▸ **Exercise directions**
Below are some records. Return exactly the lines from the one containing "圖一第 西亞各國疆界圖" through the one containing "Slika 7: Ob", both included, and only those.

▸ **The records**
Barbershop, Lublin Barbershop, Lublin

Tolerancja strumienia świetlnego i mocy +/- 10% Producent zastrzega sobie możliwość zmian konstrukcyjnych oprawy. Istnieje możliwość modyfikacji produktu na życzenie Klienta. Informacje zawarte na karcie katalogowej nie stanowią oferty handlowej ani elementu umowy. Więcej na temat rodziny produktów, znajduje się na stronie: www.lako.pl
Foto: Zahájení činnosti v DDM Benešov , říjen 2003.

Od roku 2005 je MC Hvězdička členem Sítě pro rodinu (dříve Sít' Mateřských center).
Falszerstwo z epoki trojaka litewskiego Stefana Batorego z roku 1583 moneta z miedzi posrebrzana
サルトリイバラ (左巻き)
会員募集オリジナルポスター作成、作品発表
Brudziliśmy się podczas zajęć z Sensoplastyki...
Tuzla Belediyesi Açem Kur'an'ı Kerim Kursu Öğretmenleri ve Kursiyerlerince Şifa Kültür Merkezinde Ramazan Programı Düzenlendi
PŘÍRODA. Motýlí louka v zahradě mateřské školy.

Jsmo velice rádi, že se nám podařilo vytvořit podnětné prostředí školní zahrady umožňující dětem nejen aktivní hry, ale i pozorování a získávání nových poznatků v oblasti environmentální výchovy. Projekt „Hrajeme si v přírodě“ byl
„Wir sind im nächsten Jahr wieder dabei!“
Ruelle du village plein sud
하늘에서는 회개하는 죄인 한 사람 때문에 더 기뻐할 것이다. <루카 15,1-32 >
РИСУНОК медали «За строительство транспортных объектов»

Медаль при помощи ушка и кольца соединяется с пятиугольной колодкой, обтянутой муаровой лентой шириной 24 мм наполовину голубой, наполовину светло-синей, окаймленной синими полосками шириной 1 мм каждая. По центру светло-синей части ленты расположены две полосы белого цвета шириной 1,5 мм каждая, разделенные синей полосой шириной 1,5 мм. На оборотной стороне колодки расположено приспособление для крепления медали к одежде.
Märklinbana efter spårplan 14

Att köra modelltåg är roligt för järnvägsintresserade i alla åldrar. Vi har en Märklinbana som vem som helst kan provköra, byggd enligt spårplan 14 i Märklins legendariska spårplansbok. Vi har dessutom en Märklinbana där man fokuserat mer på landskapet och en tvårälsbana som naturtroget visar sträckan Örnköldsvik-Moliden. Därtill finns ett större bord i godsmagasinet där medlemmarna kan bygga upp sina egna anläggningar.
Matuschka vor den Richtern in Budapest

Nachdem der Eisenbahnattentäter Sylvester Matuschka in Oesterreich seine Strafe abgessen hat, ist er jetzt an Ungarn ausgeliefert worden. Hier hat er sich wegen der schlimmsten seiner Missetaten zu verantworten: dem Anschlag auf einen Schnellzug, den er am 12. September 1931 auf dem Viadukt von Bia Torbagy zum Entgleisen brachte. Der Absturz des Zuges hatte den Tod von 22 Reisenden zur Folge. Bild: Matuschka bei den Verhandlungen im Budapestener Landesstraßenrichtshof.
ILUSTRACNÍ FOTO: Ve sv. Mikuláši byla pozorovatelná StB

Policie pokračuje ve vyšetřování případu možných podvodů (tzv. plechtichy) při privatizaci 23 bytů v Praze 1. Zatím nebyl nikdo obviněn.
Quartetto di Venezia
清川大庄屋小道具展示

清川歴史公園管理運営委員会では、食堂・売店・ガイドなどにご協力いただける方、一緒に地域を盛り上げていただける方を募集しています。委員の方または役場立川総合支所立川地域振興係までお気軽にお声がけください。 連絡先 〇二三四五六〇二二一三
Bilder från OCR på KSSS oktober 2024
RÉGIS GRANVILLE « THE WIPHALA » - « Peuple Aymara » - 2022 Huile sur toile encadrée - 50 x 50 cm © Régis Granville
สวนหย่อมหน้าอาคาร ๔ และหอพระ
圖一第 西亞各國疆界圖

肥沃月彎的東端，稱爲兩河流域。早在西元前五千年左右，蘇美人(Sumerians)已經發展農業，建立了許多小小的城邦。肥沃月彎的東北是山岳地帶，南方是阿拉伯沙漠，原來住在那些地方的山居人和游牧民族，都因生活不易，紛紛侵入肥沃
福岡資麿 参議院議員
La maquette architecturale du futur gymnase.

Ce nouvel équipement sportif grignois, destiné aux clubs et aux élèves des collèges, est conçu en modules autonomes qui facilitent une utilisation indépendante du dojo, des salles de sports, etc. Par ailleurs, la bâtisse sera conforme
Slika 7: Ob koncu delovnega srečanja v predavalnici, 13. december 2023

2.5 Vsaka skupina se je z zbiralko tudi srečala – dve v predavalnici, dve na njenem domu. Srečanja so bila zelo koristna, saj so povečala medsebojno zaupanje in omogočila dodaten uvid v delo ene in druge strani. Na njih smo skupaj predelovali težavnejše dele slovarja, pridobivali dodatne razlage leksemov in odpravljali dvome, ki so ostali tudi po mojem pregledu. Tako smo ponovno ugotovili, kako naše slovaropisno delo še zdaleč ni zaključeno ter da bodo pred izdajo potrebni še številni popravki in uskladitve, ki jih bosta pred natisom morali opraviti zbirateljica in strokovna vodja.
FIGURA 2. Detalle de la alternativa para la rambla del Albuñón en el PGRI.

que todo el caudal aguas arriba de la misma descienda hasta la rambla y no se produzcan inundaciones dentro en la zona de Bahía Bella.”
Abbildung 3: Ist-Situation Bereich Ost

▸ **Answer box**
圖一第 西亞各國疆界圖

肥沃月彎的東端，稱爲兩河流域。早在西元前五千年左右，蘇美人(Sumerians)已經發展農業，建立了許多小小的城邦。肥沃月彎的東北是山岳地帶，南方是阿拉伯沙漠，原來住在那些地方的山居人和游牧民族，都因生活不易，紛紛侵入肥沃
福岡資麿 参議院議員
La maquette architecturale du futur gymnase.

Ce nouvel équipement sportif grignois, destiné aux clubs et aux élèves des collèges, est conçu en modules autonomes qui facilitent une utilisation indépendante du dojo, des salles de sports, etc. Par ailleurs, la bâtisse sera conforme
Slika 7: Ob koncu delovnega srečanja v predavalnici, 13. december 2023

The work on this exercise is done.